──────── RECORDS FOR THE TASK ────────

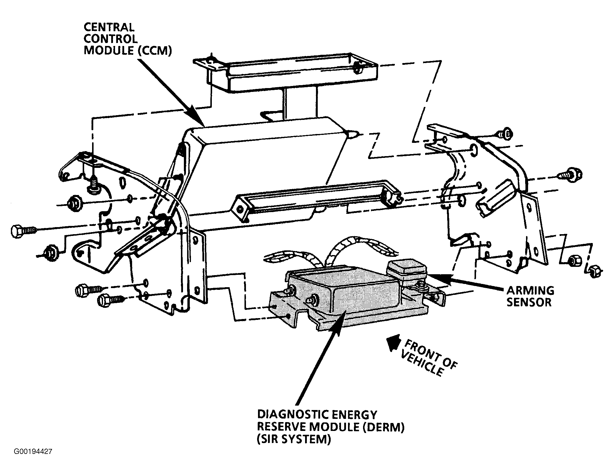| Diagnostic Energy Reserve Module (DERM) | Behind center of instrument panel carrier. See Fig 1 . |
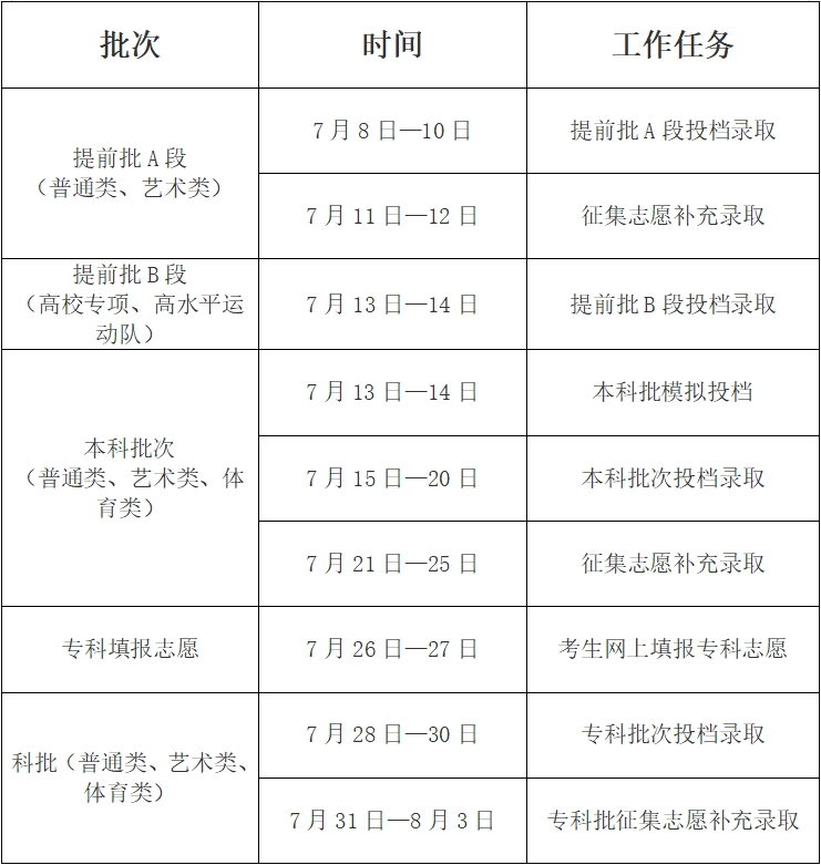 注:招生录取工作日程表如有变动,请以省教育考试院官微官网相关通知为准。
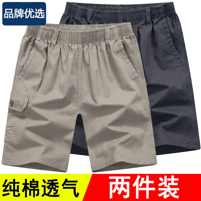 纯棉宽松透气大码拉链五分裤爸爸夏季短裤中老年男士松紧腰休闲裤
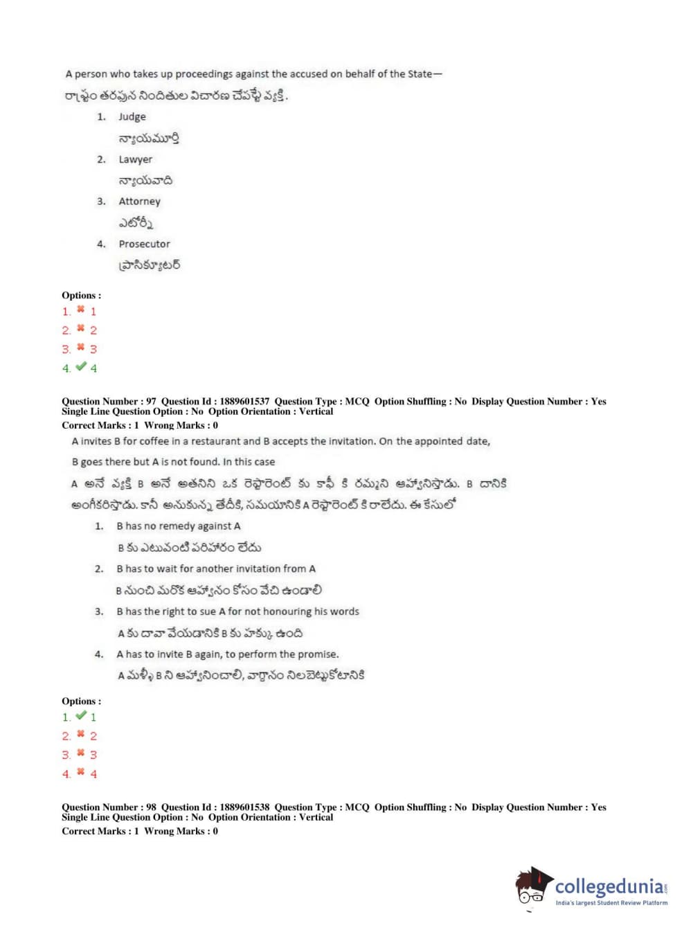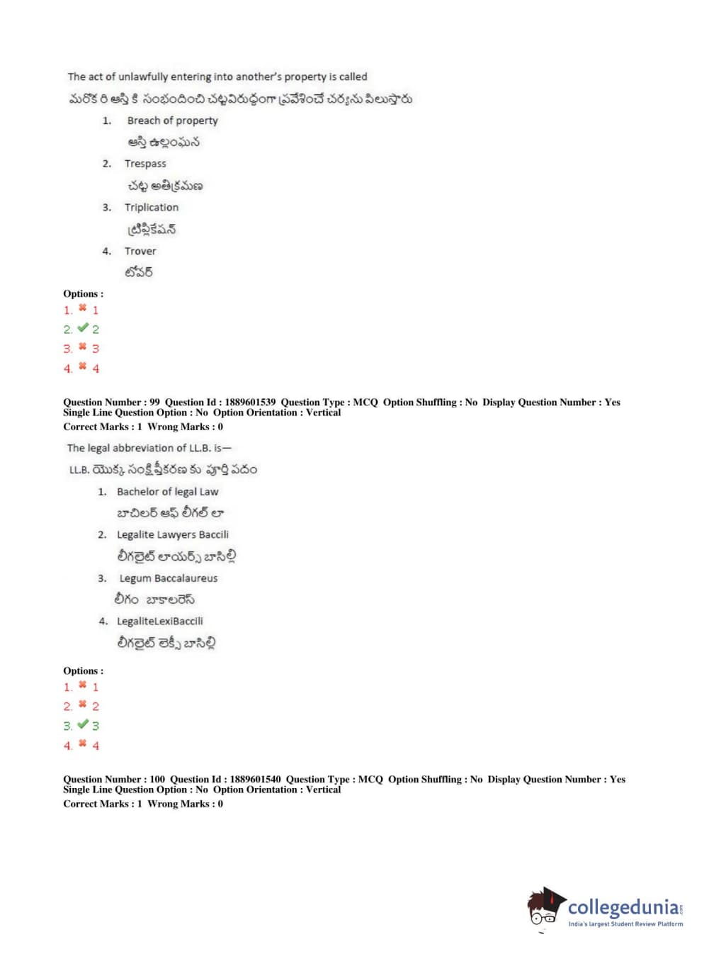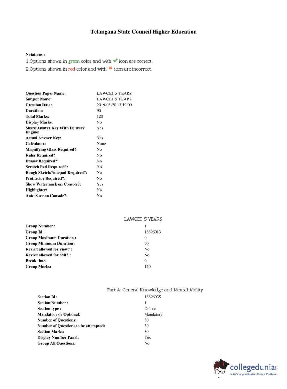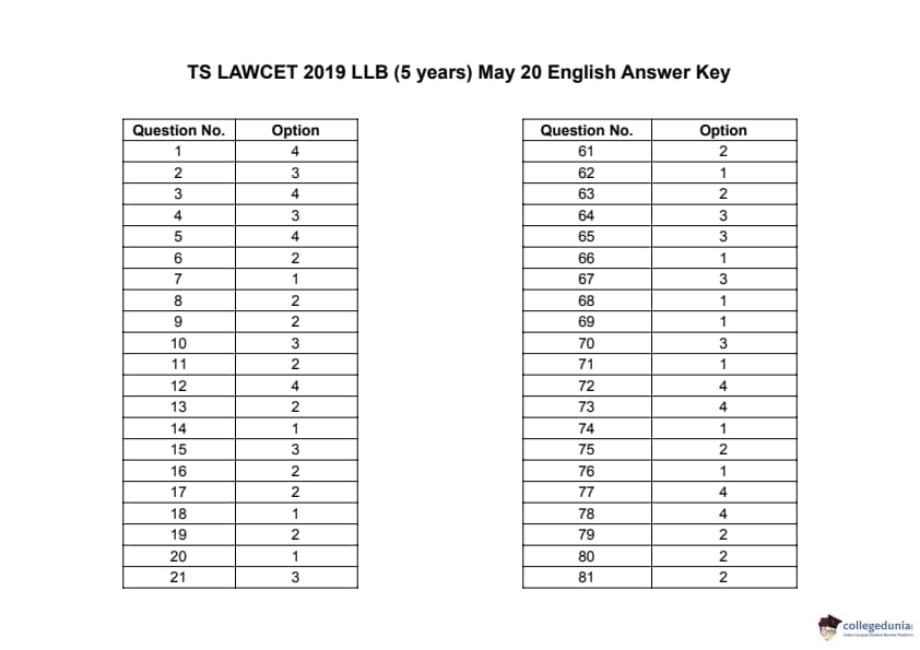TS LAWCET 2019 LLB (5 years) Question Paper PDF TS LAWCET 2019 LLB (5 years) Answer Key PDF
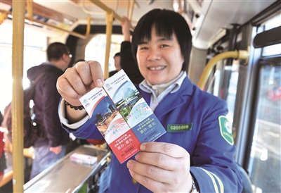 昨天,北京市公交集团发行一套“APEC会议”纪念车票,共2张,每张票价1元。纪念车票与日常公交车普票购买方法一致,乘客上车时按照所乘线路现行票制票价购票,当日当次乘车有效。图为一名公交售票员展示“APEC会议”公交纪念车票。
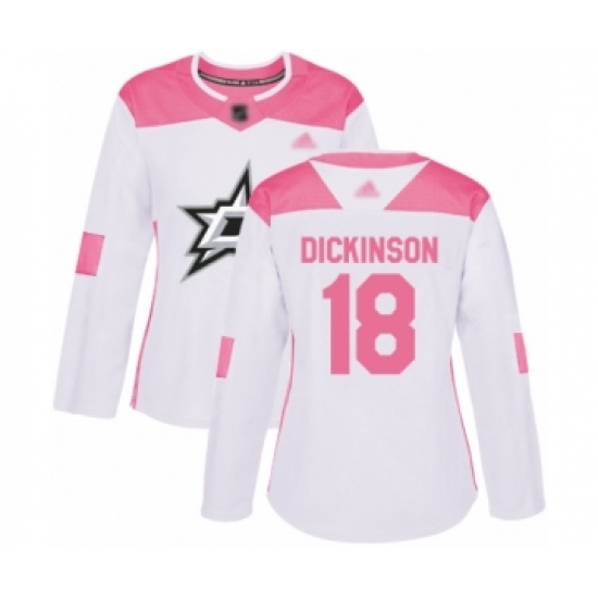 >Women's Dallas Stars #18 Jason Dickinson Authentic White Pink Fashion Hockey Jersey
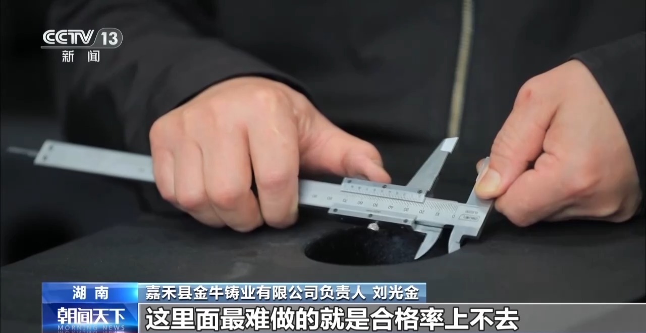 湖南嘉禾縣金牛鑄業(yè)有限公司負(fù)責(zé)人 劉光金:以前我們生產(chǎn)“小五金”的時(shí)候一年就3000來(lái)萬(wàn)元,到了2023年的時(shí)候,這種低端產(chǎn)品市場(chǎng)逐漸飽和。那一年我們的營(yíng)業(yè)額直接下降了一半,這個(gè)時(shí)候企業(yè)如果不換賽道的話,被淘汰那就是早晚的事情。
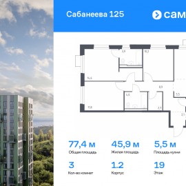 Строим кварталы для жизни с заботой о будущем. Предлагается 3-комнатная квартира комфорт-класса 77, 2 кв.м в корпусе 1.1 на 19 этаже, в ЖК «Сабанеева 125» Квартира без отделки. Доступность опции «отделка» и возможность комплектации мебелью и декором уточняйте у...
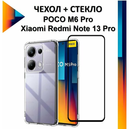 Комплект 2 в 1: Прозрачный чехол с защитой камеры и углов + полноэкранное стекло для Xiaomi Redmi Note 13 Pro / Poco M6 Pro / Сяоми Редми Ноте 13 Про
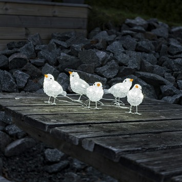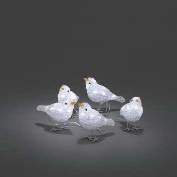 Haal de kerstsfeer in huis met de kerstdecoratie van GAMMA. Deze kerstverlichting bestaat uit 5 acryl vogeltjes van het Zweese merk Konstsmide. De 5 vogels hangen vast aan een snoer en hebben telkens een tussenafstand van 1m en een aansluitsnoer van 5m. De 40 koelwitte LEDjes zorgen voor voldoende licht in de donkere dagen. Geschikt voor buitengebruik.
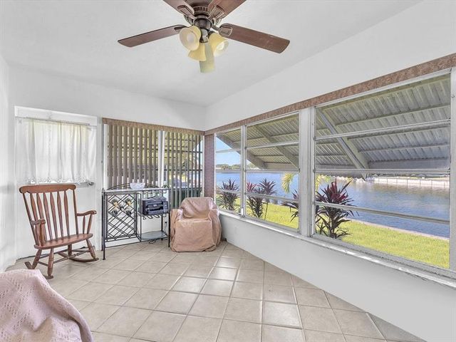 Welcome to this delightful and spacious 1,375qf water view single family home. This oasis offers the perfect blend of comfort, 2-bedrooms,1-bath+Florida room with new laminate flooring thru the living, dining, hallway & bedroom. Tiled flooring on bathroom, kitchen, laundry, and Florida room. Picture enjoying your morning coffee in the Florida room, with its captivating water views and lush garden brimming with tropical splendor. Professionally landscaped, with New appliances includes washer, dryer, refrigerator, stove, smoke detectors, and garbage disposal. Tile roof 2015,AC 2016, upgraded 200-amp electrical panels. Located near majors highway ,shopping centers and different amenities. Call today!!!!!
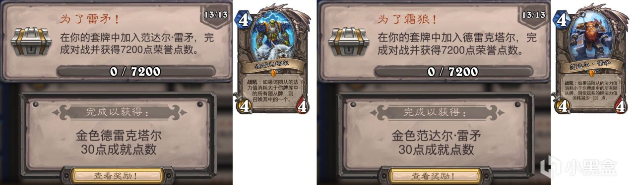 這兩張卡現在在狂野基本使用不太到了,而且這兩個成就都比較麻煩。新玩家有餘力的話可以去做,不然的話就等以後這兩張卡重新被用到的時候再去做,畢竟這種特殊機制的中立橙卡難說哪個版本又會被救活了。
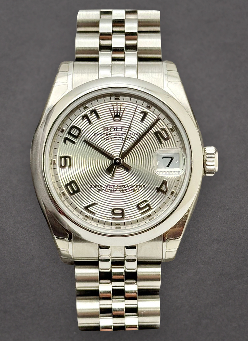 MidSize Datejust in Steel with Smooth Bezel on Jubilee Bracelet with Silver Concentric Dial with Arabic Numerals 178240

────────

YOUR GOAL
From the line containing "Строим кварталы для" through the line containing "Haal de kerstsfeer", copy every line above exactly, without pictures.

COMPLETED TASK
 Строим кварталы для жизни с заботой о будущем. Предлагается 3-комнатная квартира комфорт-класса 77, 2 кв.м в корпусе 1.1 на 19 этаже, в ЖК «Сабанеева 125» Квартира без отделки. Доступность опции «отделка» и возможность комплектации мебелью и декором уточняйте у...
 Комплект 2 в 1: Прозрачный чехол с защитой камеры и углов + полноэкранное стекло для Xiaomi Redmi Note 13 Pro / Poco M6 Pro / Сяоми Редми Ноте 13 Про
 Haal de kerstsfeer in huis met de kerstdecoratie van GAMMA. Deze kerstverlichting bestaat uit 5 acryl vogeltjes van het Zweese merk Konstsmide. De 5 vogels hangen vast aan een snoer en hebben telkens een tussenafstand van 1m en een aansluitsnoer van 5m. De 40 koelwitte LEDjes zorgen voor voldoende licht in de donkere dagen. Geschikt voor buitengebruik.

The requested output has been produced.